Ну, а потом офицерские курсы (у меня же десятилетка за спиной), потом в Германии оставили служить. До майора дотянул. Домой два раза ездил. Мама оккупацию пережила. Состарилась... А отец без вести пропал. Говорят, они вообще в бой без винтовок шли! «Добудете оружие в бою!» Ох, и дураки были! Мясом останавливали, ясное дело. А что поделаешь? Война не гулянка. О жизни дело шло. О России.

В пятьдесят третьем мама умерла, а меня и хоронить не отпустили! Вишь ты, в Германии тяжелая обстановка в связи со смертью товарища Сталина! Так что уж на могилку-то к маме только через два года попал. Ну, соседи, спасибо, все управили. Оградку там, крест. Как же без креста-то? Не собака лежит, чай... Мама Богу веровала крепко! И молилась крепко. Потому и жив. Вымолила меня. Молитвенница моя... Вот живу теперь.

«Кавалерия ходит по прямой!»

Я прочитал имя, отчество и фамилию врача-венеролога и толкнул дверь его кабинета.

— Первый раз у нас? — спросил, поднимая красивую, седую, кудрявую, аккуратно причесанную голову, врач. — Ну что ж... Лиха беда начало.
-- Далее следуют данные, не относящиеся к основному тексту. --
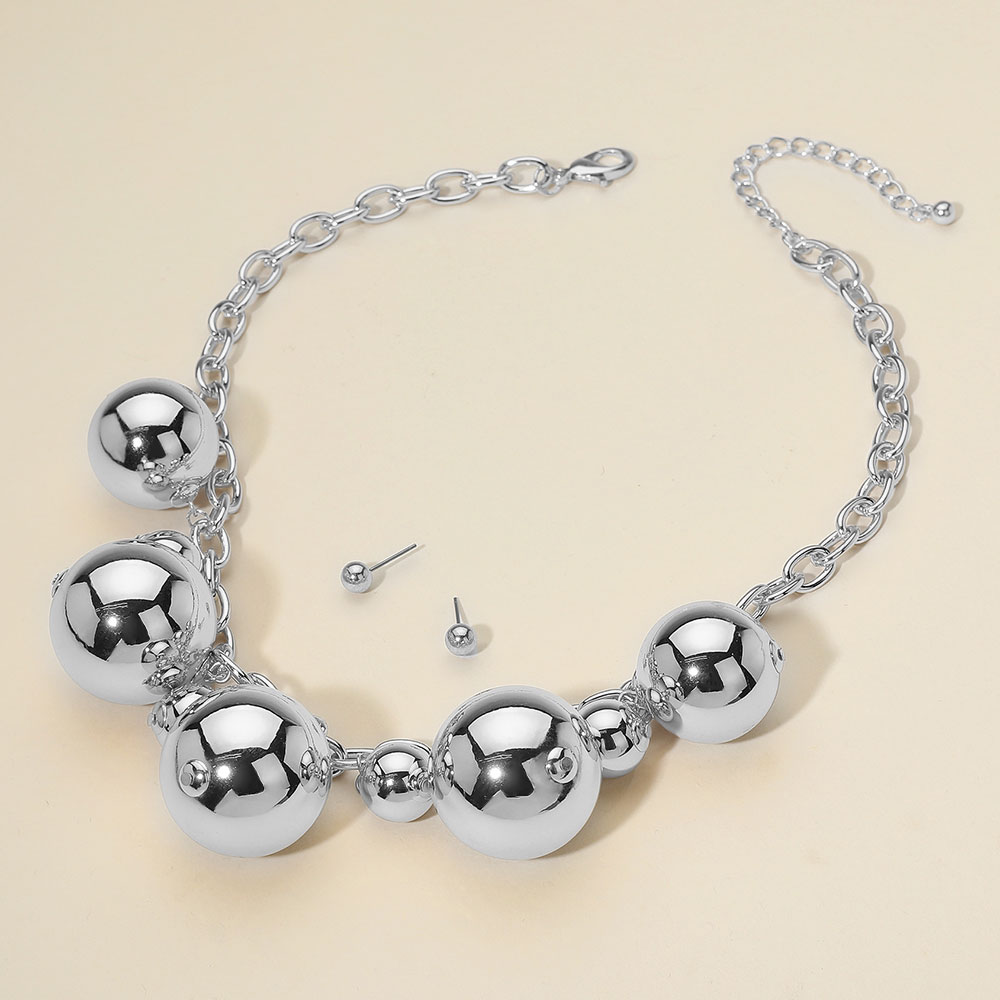Details • Necklace Size : 18" + 3" L • Decor Size : 1.75" L • Earrings Size : 0.25" L • Make a bold statement with this oversized bead necklace and matching stud earrings set. Featuring chunky polished beads on a sleek chain, this jewelry set adds modern glamour to party outfits, casual looks, and elegant evening styles. Perfect for standout fashion. • Lead and Nickel Compliant

Перед ним на краю стола выстроились одинаковые двухсотграммовые баночки с анализами мочи. Левой рукой раскрыв мою историю болезни, правой он взял одну из них, глянул на меня ласковыми серыми глазами, провозгласил:

— С почином вас! — и со вздохом отхлебнул. —

Но в истории болезни ничего нет, — сказал он, изучая мою карточку. — Ну что вы так взъерошились? Это — пиво. Не дают в жаркий день благочестивому человеку пивка выпить, без отрыва от производства, заметьте... Вот и вынуждают идти на обман. А где мы прячем соломинку? В стоге сена. Здесь разница только в том, что у меня в этой банке пиво до употребления, а в остальных банках — после... В чем ваше несчастье?